It’s easy to think of these things when you have relevant experience with web development, debugging web applications, full stack development, and subject matter knowledge in related areas, if you have a tendency to approach things with a security-oriented mindset. I’m not trying to sound arrogant, but honestly my professional experience has a lot to do with how my personal habits have formed around my hobbies. So I have a tendency to take things as far as I can with everything that I know, and stuff like this is the result lol. Might be totally unnecessary without much actual value, but it errs on the side of “a little more secure”, and why not, if it’s fun?

Arinshot@lemmy.world · 1 year ago

I’d be interested in how you did this, this seems like one of the best ways I’ve seen for securing a lemmy instance.
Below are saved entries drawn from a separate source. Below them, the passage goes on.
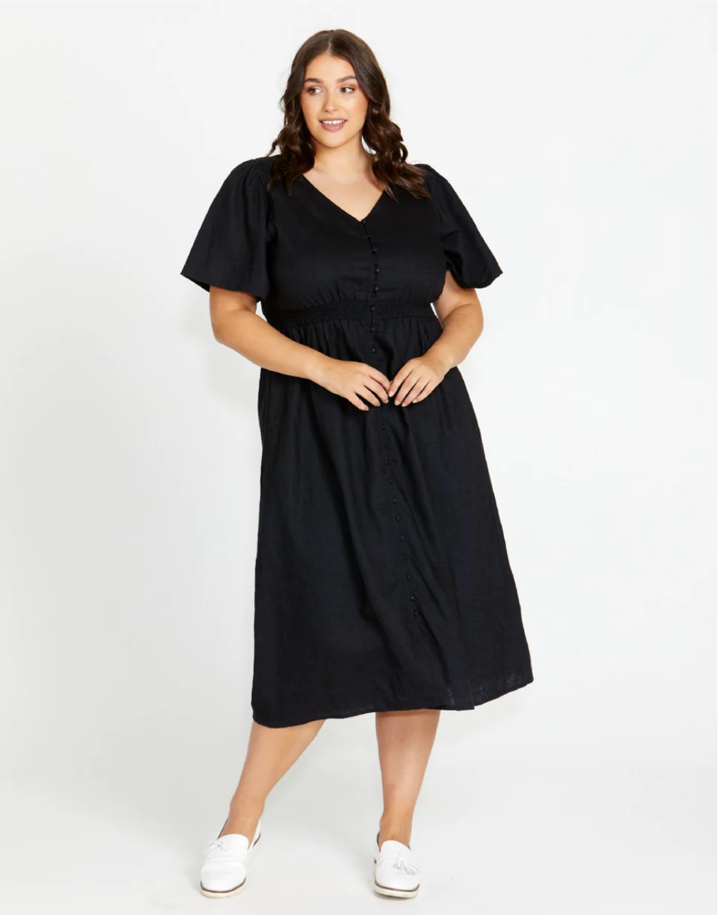Elevate your style effortlessly with the Whitney Dress! This midi-length beauty features a shirred empire waistline for a flattering fit that embraces comfort. The relaxed fluted sleeves add a touch of elegance to your look, while the V neckline with self-fabric button bodice adds a charming detail. Step into a world of fashion-forward relaxation with the Whitney Dress, where style meets ease in the most delightful way. Upgrade your wardrobe and embrace chic comfort today!
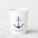 Wedding nautical anchor navy blue and white custom names and date Paper Cups.
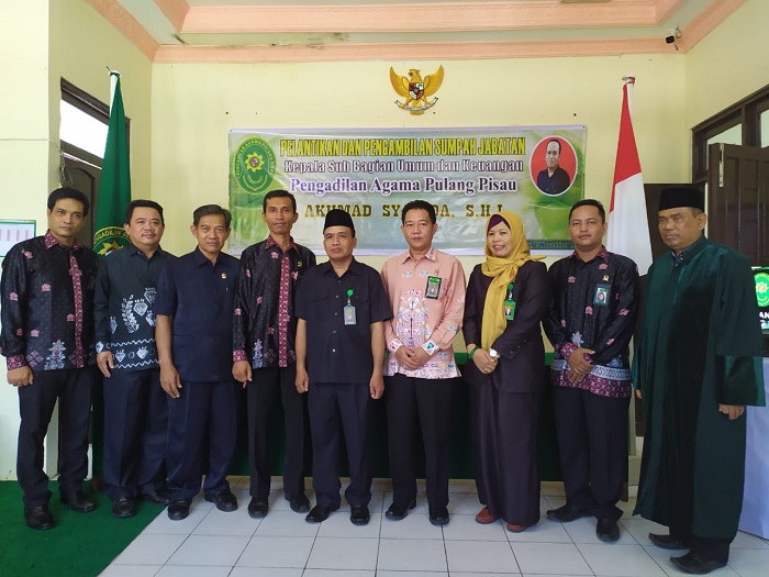 Setelah sebelumnya Kasubag Umum dan keuangan PA Pulang Pisau Ummi Watini A. Md. yang mutasi ke PA Sampit dilantik menjadi Kasubag Perencanaan, Teknologi Informasi dan Pelaporan. Kini tiba saatnya bagi PA Pulang Pisau untuk melantik Kasubag Umum dan Keuangan yang baru.

wpuckering@lm.williampuckering.com · 1 year ago

I have a single Nginx container that handles reverse proxying of all my selfhosted services, and I break every service out into its own configuration file, and use include directives to share common configuration across them. For anyone out there with Nginx experience, my Lemmy configuration file should make it fairly clear in terms of how I handle what I described above:

server {
  include ssl_common.conf;
  server_name lm.williampuckering.com;
  set $backend_client lemmy-ui:1234;
  set $backend_server lemmy-server:8536;
  
  location / {
    set $authentication "Authentication Required";
    include /etc/nginx/proxy_nocache_backend.conf;
    
    if ($http_accept = "application/activity+json") {
      set $authentication off;
      set $backend_client $backend_server;
    }
    if ($http_accept = "application/ld+json; profile=\"https://www.w3.org/ns/activitystreams\"") {
      set $authentication off;
      set $backend_client $backend_server;
    }
    if ($request_method = POST) {
      set $authentication off;
      set $backend_client $backend_server;
    }
    
    auth_basic $authentication;
    auth_basic_user_file htpasswd;
    proxy_pass http://$backend_client;
  }
  
  location ~* ^/(api|feeds|nodeinfo|.well-known) {
    include /etc/nginx/proxy_nocache_backend.conf;
    proxy_pass http://$backend_server;
  }
  
  location ~* ^/pictrs {
    proxy_cache lemmy_cache;
    include /etc/nginx/proxy_cache_backend.conf;
    proxy_pass http://$backend_server;
  }
  
  location ~* ^/static {
    proxy_cache lemmy_cache;
    include /etc/nginx/proxy_cache_backend.conf;
    proxy_pass http://$backend_client;
  }
  
  location ~* ^/css {
    proxy_cache lemmy_cache;
    include /etc/nginx/proxy_cache_backend.conf;
    proxy_pass http://$backend_client;
  }
}

It’s definitely in need of some clean-up (for instance, there’s no need for multiple location blocks that do the same thing for caching, a single expression can handle all of the ones with identical configuration to reduce the number of lines required), but I’ve been a bit lazy to clean things up. However it should serve as a good example and communicate the general idea of what I’m doing.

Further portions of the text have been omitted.